Are personal injury attorneys overpaid

AG Mannheim: Lawyer is entitled to the highest (2.5 times) business fee

AG Mannheim, judgment of August 27, 2008, Az. 14 C 138/08
§ 667 BGB, No. 2400 VV RVG

The AG Mannheim has granted a law firm the maximum fee, i.e. 2.5 times the business fee (No. 2400 VV RVG), instead of the average fee of 1.3 that is customary for out-of-court activities under the RVG. In this case - not from online trade law, but from personal injury law - the prerequisites for this judge's verdict were very high. The judge justified her decision as follows:

- Extreme cut in life due to severe personal injury
- Healing complications with permanent damage
- well above average total processing time of 24 working hours
- Excessive processing time of twelve months with the need for repeated training
- non-regulating liability insurer
- disputed reason for liability
- Requirement of special knowledge

Mannheim District Court


In matters


for damages

the Mannheim District Court recognized by… based on the oral hearing on August 4th, 2008 with a written submission period for the defendants until August 20th, 2008 for law:

1. The complaint is rejected.
2. The plaintiff bears the costs of the legal dispute.
3. The judgment is provisionally enforceable.

Facts and reasons for the decision
(abbreviated in accordance with Section 313 a (1) ZPO)

The admissible action is unfounded.

The plaintiff has no claim against the defendant for payment of EUR 480.30 according to § 667 BGB. In this respect, the plaintiff submits to justify a claim against the defendant that she overpayed you advances that they would have reimbursed by third parties.

However, the plaintiff did not pay the defendants too much in advances.

The fee claim to which the defendant is entitled from the mandate relationship with ... is essentially undisputed.
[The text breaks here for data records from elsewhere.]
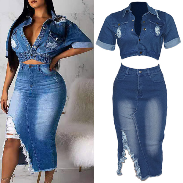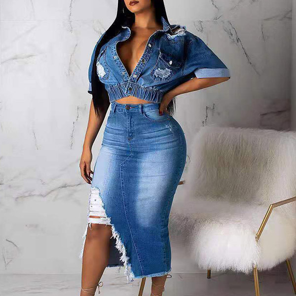 Fashion Long Sleeve POLO Collar Denim Shirt + High Waist Ripped Denim Skirt Two-piece Set
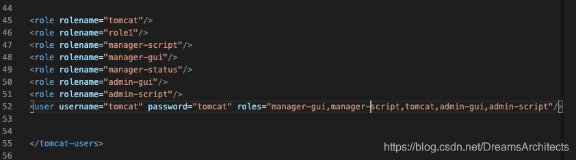 但是,后續(xù)Jenkins部署項(xiàng)目到Tomcat服務(wù)器,需要用到Tomcat的用戶,所以修改tomcat以下配置, 添加用戶及權(quán)限
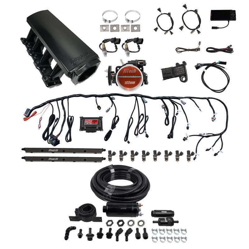 Ultimate LS 750 HP EFI System LS motors have a great base for power, but what they really need is something wicked to wake them up. FiTech LS EFI 750 HP fuel injection systems have alarming power, exciting style, and will take you and your vehicle to the edge. FiTech fabricated many aluminum parts for these systems, including the low-profile 102mm billet throttle body, high-volume billet fuel rails, and an intake manifold with a 1,500 to 6,500 rpm powerband and 3mm construction.Sequential spark and fuel control mate the 55 lbs./hr. injectors, plug-and-play wiring harness, and color touch screen self-learning ECU. This allows you to program two fan control outputs, most tach and speedometer output drivers, and target AFR and timing on-the-fly. A suction cup mounting bracket puts the controller at your fingertips and allows for impressive visual aids.The optional transmission control feature is suitable for 4L60, 4L65, 4L70, or 4L80 GM transmissions. Awaken the beast and feed its needs with an ultra-performing FiTech LS EFI 750 HP fuel injection system with transmission controller. FiTech Ultimate LS EFI Fuel Injection Master Kit'system 750 hp Multi-port Timing Control Compatible Power Adder Compatible
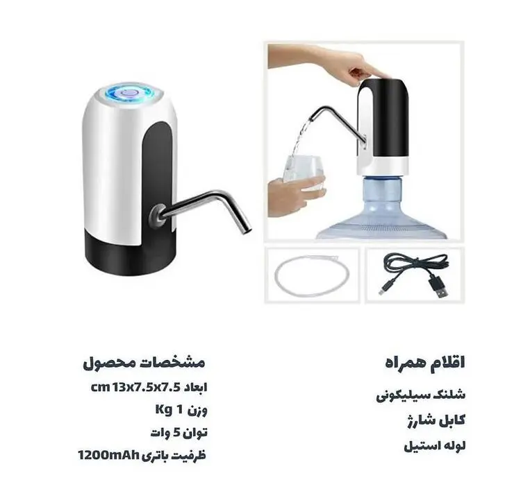 پمپ آب شارژی مدل Automatic Water Dispenser وسیله ای کاربردی در سفرهای کمپینگ و طبیعت گردی است. با خرید پمپ آبی می توانید آن را به گالن های بزرگ آب متصل کنید و به راحتی آب را پمپاژ کنید. این پمپ آبی در مقابل سرما و گرما مقاوم بوده و از مواد غیر سمی و بدون بو ساخته شده است. از این پمپ می توانید برای گالن های 1.5 تا 18.9 لیتری با دهانه 5.5 سانتی متری استفاده کنید.
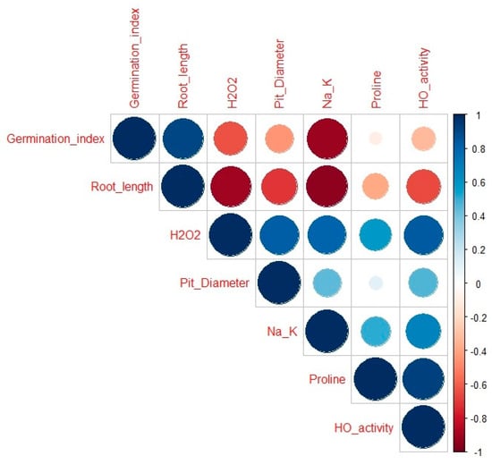 The relationship between different traits studied was analyzed using Pearson’s correlation (Figure 9). In this study, the result showed that proline, pit diameter, Na+/K+, were strongly correlated with a correlation value r closer to 1 SbHO1 enzyme activity, were also positively correlated with a correlation value of r closer to 1. Seedlings root length was found to be strongly correlated with the germination index (r = 0.9). Oxidative marker H2O2 was strongly correlated with proline (r = 0.6), pit diameter (r = 0.83), Na+/K+ (r = 0.8), and HO1 enzyme activity (r = 0.5). H2O2 exhibited negative correlations with germination index and root length with a correlation value r closer to −1. Furthermore, proline was positively correlated to Na+/K+ (r = 0.5), and SbHO1 enzyme activity (r = 0.70).
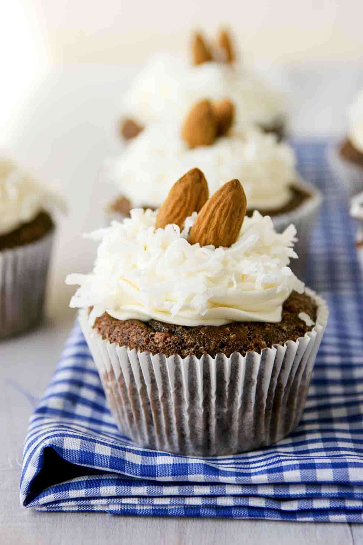 - To decorate the cupcakes, pipe a couple of tablespoons of the frosting on top of each cupcake. If desired, roll the top in coconut and top with almonds.
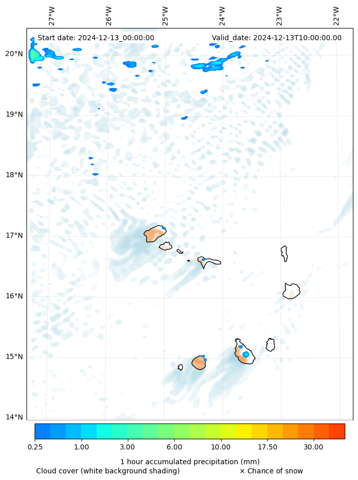 - Snow mixing ratio (g kg¯¹)
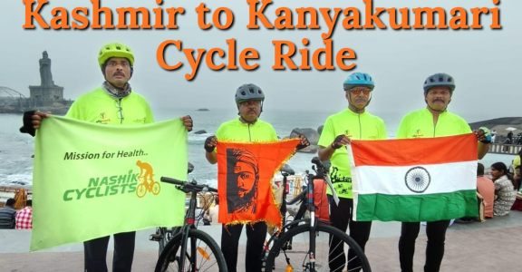 प्रवीण कोकाटे, दिनकर पाटील, संजय राऊत, श्रीकृष्ण आवारे यांच्यावर अभिनंदनचा वर्षाव नाशिक । येथूल नाशिक सायकलिस्ट फाउंडेशनच्या चार सायकलिस्टने राष्ट्रीय एकात्मतेचा संदेश देत “हम फिट तो इंडिया फिट” हा नारा घेऊन काश्मीर ते कन्याकुमारी अशी सुमारे ३८०० कि.मी.ची भव्य सायकल…
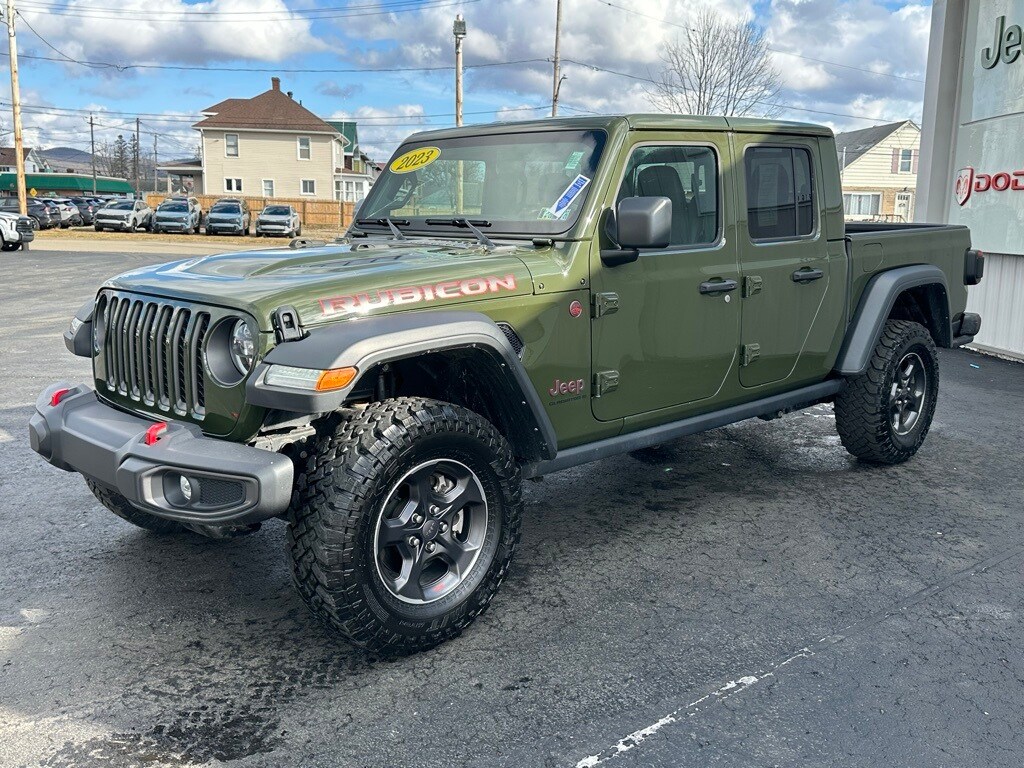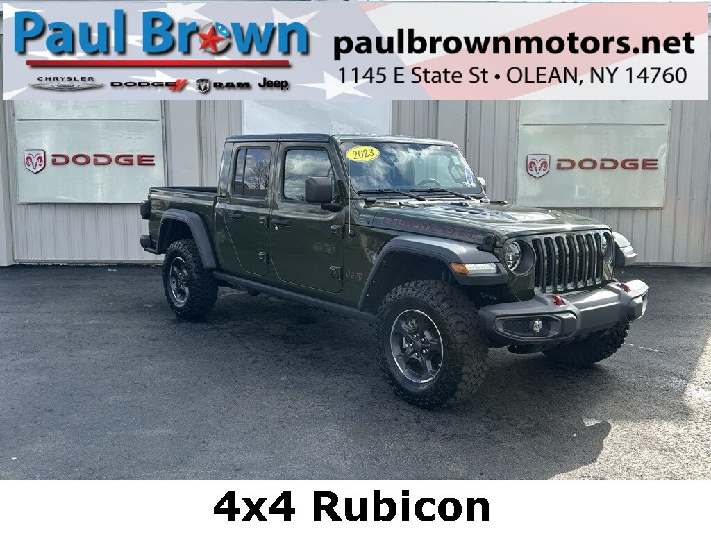 Priced below KBB Fair Purchase Price! CARFAX One-Owner. Clean CARFAX. 2023 Jeep Gladiator Rubicon 4D Crew Cab Sarge Green Clearcoat Odometer is 7522 miles below market average! 3.6L V6 24V VVT 4WD 8-Speed Automatic Balance of new car warranty., Air Conditioning, Apple CarPlay/Android Auto, Body Color 3-Piece Hard Top, Cold Weather Group, Daytime Running Lamps LED Accents, Front dual zone A/C, Front fog lights, Front LED Fog Lamps, Heated Front Seats, Heated Steering Wheel, LED Lighting Group, LED Park Turn Lamps, LED Premium Reflector Headlamps, LED Taillamps, Navigation System/GPS/Navi, No Soft Top, ParkView Rear Back-Up Camera, Power windows, Premium Cloth Low-Back Bucket Seats, Rear Sliding Window, Rear Window Defroster, Remote keyless entry, Speed control, Telescoping steering wheel, Tilt steering wheel, Wheels: 17" x 7.5" Granite Crystal Aluminum. Final Price may require vehicle trade in and Paul Brown trade assistance, see website for details. For a hassle free purchase experience, reach out to the Sales team at Paul Brown Motors at (585-376-5057). Conveniently located on E State Street, Olean NY 14760. We are worth the trip! Travel from over 75 miles away and don't purchase we will supply you with $25 gas card! Paul Brown Chevy, A Dealer For the People! Our For The People Pricing means ZERO price increases at Paul Brown.
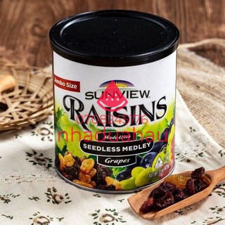 Một lon nho khô thập cẩm Sunview Mỹ chuẩn xịn date xa lon 425g

There is only no agreement on the appropriateness of the extrajudicial business fee according to No. 2400 VV RVG. While the defendants set the maximum fee of 2.5, the plaintiff is of the opinion that only twice the fee is appropriate.

The approach of the maximum fee of 2.5 was however appropriate in the present case. In this respect, the defendants have detailed the criteria used for the assessment:

- Extreme cut in life due to severe personal injury

- Healing complications with permanent damage

- well above average total processing time of 24 hours

- Excessive processing time of almost 12 months with the need for repeated training

- non-regulating liability insurer

- disputed reason for liability

- Required of special knowledge.

Based on the above circumstances, the maximum fee approach is justified. The court can rule on this without obtaining an opinion from the Bar Association according to § 14 Paragraph 2 RVG, since the amount of the fees is not disputed between the lawyer and the client, but only between the lawyer and legal protection insurance as a "third party" within the meaning of § 14 Paragraph 1 Sentence 4 RVG. In the process, the plaintiff did not raise any substantiated objections to the equity of the fee rate.

The plaintiff can also not successfully object that the defendant's client had no insurance cover for the legal dispute against her husband in accordance with Section 3 (4a) ARB 94/00 anyway.

This legal objection was only put forward in the pleading dated July 21, 2008, while the plaintiff had never raised the issue of insurance coverage in the statement of grounds for the claim of April 19, 2008 or before the litigation. The defendants have also stated in the abridged brief of August 6, 2008 that the plaintiff ... had issued an unrestricted cover letter and then continued to make advances to the defendant in the knowledge of the litigation that was conducted exclusively against the plaintiff's husband. This means that the validity of Section 3 (4) a ARB 94/00 - should it actually have been the contractual basis of the legal protection insurance contract - is at least implicitly canceled by an individual agreement.

In any case, it appears to be in breach of good faith if, in view of the unrestricted cover commitment and the very intensive out-of-court correspondence with the defendants, the plaintiff suddenly invokes a lack of cover for the legal representation as well.

Finally, the plaintiff cannot demand the amount claimed by arguing that the amounts reimbursed to the defendant by third parties (court costs) had been transferred to it according to Section 86 (1) VVG new version, so that these funds were foreign money for the defendants.

It may be irrelevant whether such a transfer of claims took place at all with regard to Section 86 (3) VVG new version. In any case, the cessio legis pursuant to Section 86 (1) sentence 2 VVG cannot be asserted by the plaintiff to the detriment of the defendant's client as the policy holder. In the present case, this means that the plaintiff can only reclaim those amounts paid out to the defendant by a third party that the defendant is not entitled to as a fee. Otherwise, the defendants would have to consider themselves their client because of the fee not reimbursed by the opposing legal protection insurance to the injured party, which would represent a disadvantage for them within the meaning of Section 86 (1) sentence 2 VVG new version.

In the absence of a main claim, the ancillary claims asserted by the plaintiff must also be rejected as unfounded.

The procedural secondary decisions follow from Section 91 (1) ZPO and from Sections 708 No. 11, 713 ZPO.